20/02/2026
VOTERO’ NO AL REFERENDUM SULLA GIUSTIZIA
Su questo referendum sulla giustizia sento il bisogno di dire che voterò NO ed il perché.
In televisione si dice: “Serve a separare le carriere tra giudici e pubblici ministeri”. Ma guardate che, nei fatti, questa separazione già c’è. Chi entra in magistratura sceglie che cosa vuole fare. E sì, teoricamente può cambiare una volta nella vita… ma succede rarissimamente. Non è che un giorno fai il pm e il giorno dopo vai a fare il giudice nello stesso processo. Non funziona così.
Quindi l’argomento principale con cui viene presentata questa riforma è molto (volutamente) fuorviante.
Da mesi, si rivangano casi irrisolti, magari mettendo in dubbio le decisioni dei giudici e molte delle sentenze emesse negli ultimi anni. Nelle trasmissioni televisive, su giornali e canali social cari ad una ben chiara matrice politica, viene passata la narrazione che ci siano delinquenti che una volta arrestati non passano nemmeno una notte in galera. Tutto questo teatrino è chiaramente funzionale a convincere l'elettore medio, che non ci sia nulla che funziona.
Può darsi che qualcosa non funzioni, perchè ogni volta che qualcuno arriva al governo, produce qualche migliaio di decreti ed emendamenti ... utili a chi lo ha sponsorizzato in campagna elettorale ... Una cosa è certa: non sarà certo questo referendum a poter migliorare queste situazioni ...
Il punto vero è che questo referendum vorrebbe andare a modificare in modo pesante il Consiglio Superiore della Magistratura. Il CSM è stato voluto dai Costituenti come una garanzia fondamentale. Perché? Perché i magistrati, in una democrazia, non devono dipendere dal governo. Non devono ricevere ordini dal ministro della Giustizia.

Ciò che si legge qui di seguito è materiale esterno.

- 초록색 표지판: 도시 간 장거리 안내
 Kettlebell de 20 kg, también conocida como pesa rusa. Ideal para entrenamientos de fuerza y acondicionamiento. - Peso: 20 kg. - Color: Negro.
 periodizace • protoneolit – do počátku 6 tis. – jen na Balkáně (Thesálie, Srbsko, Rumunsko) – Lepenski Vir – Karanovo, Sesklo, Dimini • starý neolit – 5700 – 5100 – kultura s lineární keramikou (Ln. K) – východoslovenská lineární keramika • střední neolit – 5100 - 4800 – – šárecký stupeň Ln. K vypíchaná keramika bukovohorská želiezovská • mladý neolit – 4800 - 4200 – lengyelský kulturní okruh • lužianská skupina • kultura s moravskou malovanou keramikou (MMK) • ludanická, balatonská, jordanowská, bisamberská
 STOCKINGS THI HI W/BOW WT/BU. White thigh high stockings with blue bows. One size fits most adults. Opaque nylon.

E questo non è un dettaglio tecnico. È una lezione che in Italia abbiamo imparato a caro prezzo. Quando c’era il fascismo, il ministro della Giustizia — allora si chiamava Guardasigilli — aveva un controllo molto forte sulla magistratura. E questo significava che il potere politico poteva intervenire, orientare, punire. Non c’era indipendenza vera.
Dopo la guerra, i Costituenti hanno detto: questo non deve succedere mai più. E quindi hanno creato un sistema in cui la magistratura si autogoverna, attraverso il CSM, proprio per evitare che il governo possa mettere le mani sui giudici.

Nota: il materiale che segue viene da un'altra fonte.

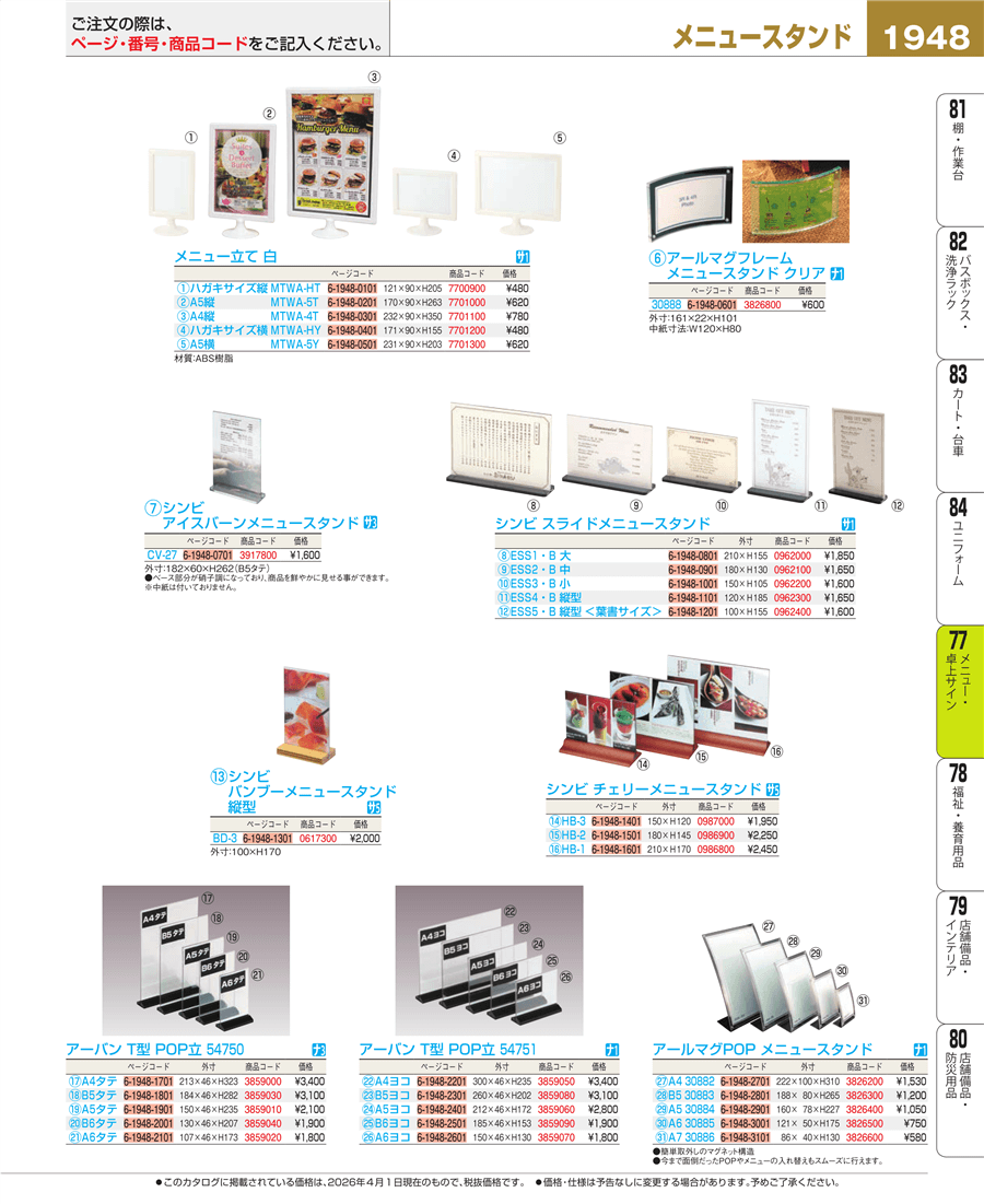 | e26-7701000 | メニュー立て 白 A5縦 MTWA-5T | 上代 620円(税抜) 見積 | ||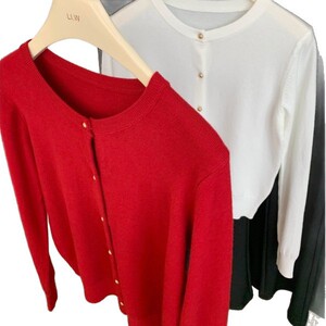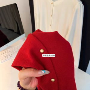 2025秋季红色针织开衫订婚新款显瘦气质上衣复古羊毛短款外套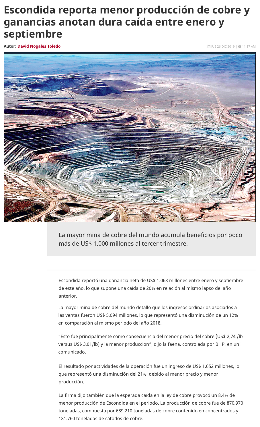 Escondida (y el fisco) sufre por menor precio y baja ley del cobre - (La Segunda)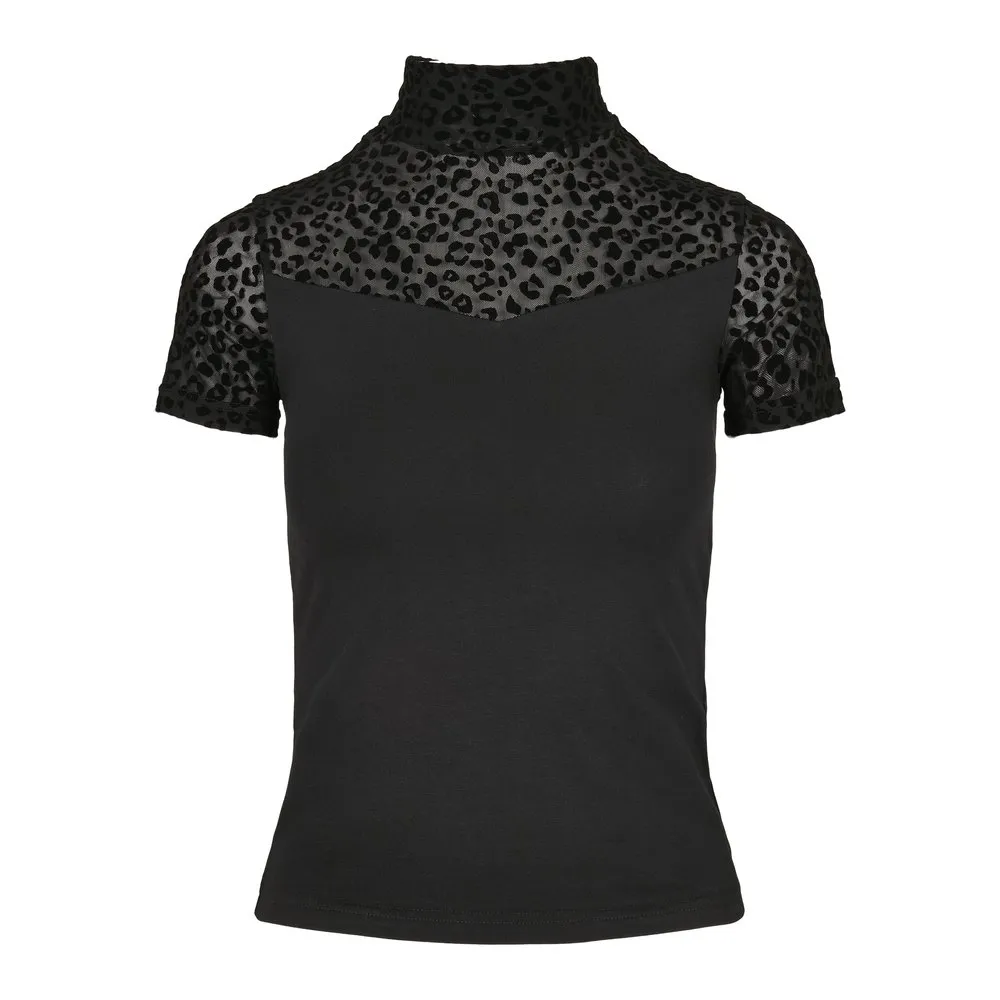 Элегантная и необычная женская футболка, в которой умело сочетаются два разных материала. Удобный эластичный трикотаж в области плеч сменяется соблазнительной прозрачной сеткой, которая также украшена сплошным флокированным леопардовым принтом. Футболка отлично облегает тело, а функциональная и удобная двухслойная водолазка завершает образ. Oberstoff 1: 95% Baumwolle, 5% Elasthan, одинарный трикотаж, плотность 180 г/м² Oberstoff 2: 94% Polyamid, 6% Elasthan, флокированное кружево, плотность 145 г/м²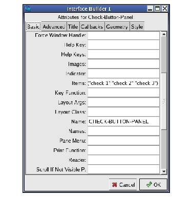 The Attributes dialog lets you set any of the attributes available to the selected object, such as symbol names, titles, and callbacks. This gives you a high degree of control over the appearance of any object in the interface.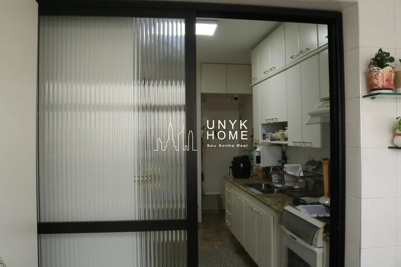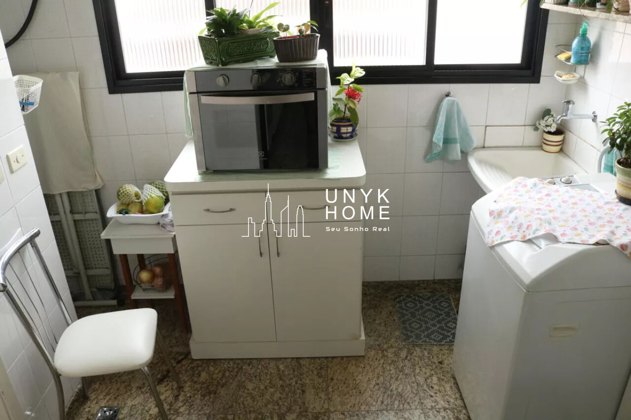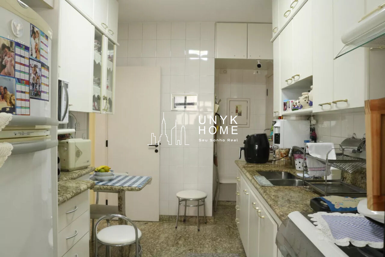 A cozinha é ampla e independente, com armários planejados, e conta também com área de serviço separada, proporcionando maior praticidade no dia a dia.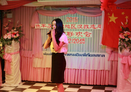 在乌汶府的联欢活动中,管理教师陈艳艳转达了国家汉办驻泰事务代表孙玲博士的亲切问候和新年祝福,在联欢中,相声《满腹经纶》、歌曲《你被写在我的歌声里》、舞蹈《傣家女》等由志愿者表演的精彩节目轮番上演,为大家营造了欢乐喜庆的中国年。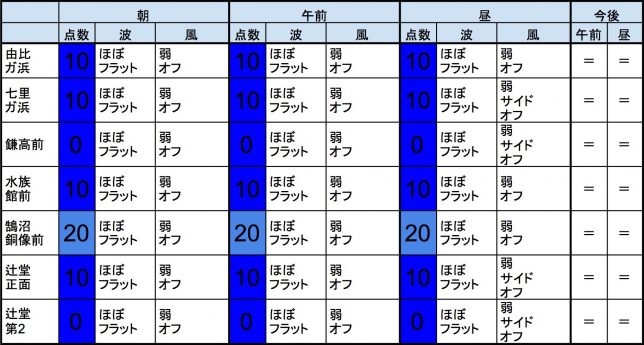 【湘南西エリア】-・湘南 西エリアはほぼフラットに近く、オフショアベースの風のスタート、プアなコンディションで、午前から昼にかけても状況はあまり変わらなさそうです。午後から夕方にかけてはコンディションはあまり期待できなさそうです。-

Adesso la riforma propone di dividere il CSM in due, uno per i giudici e uno per i pm, e di introdurre un meccanismo di sorteggio per scegliere i membri togati, cioè i magistrati che ne fanno parte.
Il sorteggio viene presentato come una soluzione ai problemi delle correnti interne. Però io mi chiedo: se i magistrati non eleggono più i loro rappresentanti ma li ottengono per sorteggio, mentre la componente politica continua a essere nominata politicamente, non si rischia di indebolire proprio l’autonomia della magistratura?
L’indipendenza della magistratura non è un privilegio per i magistrati. È una tutela per noi cittadini. Perché quando un giudice decide su di te, deve farlo applicando la legge, non pensando a cosa vuole il governo di turno.
Per questo, dopo averci pensato, io voterò NO. Perché secondo me questa riforma non rafforza la democrazia: rischia di indebolire una delle sue garanzie fondamentali.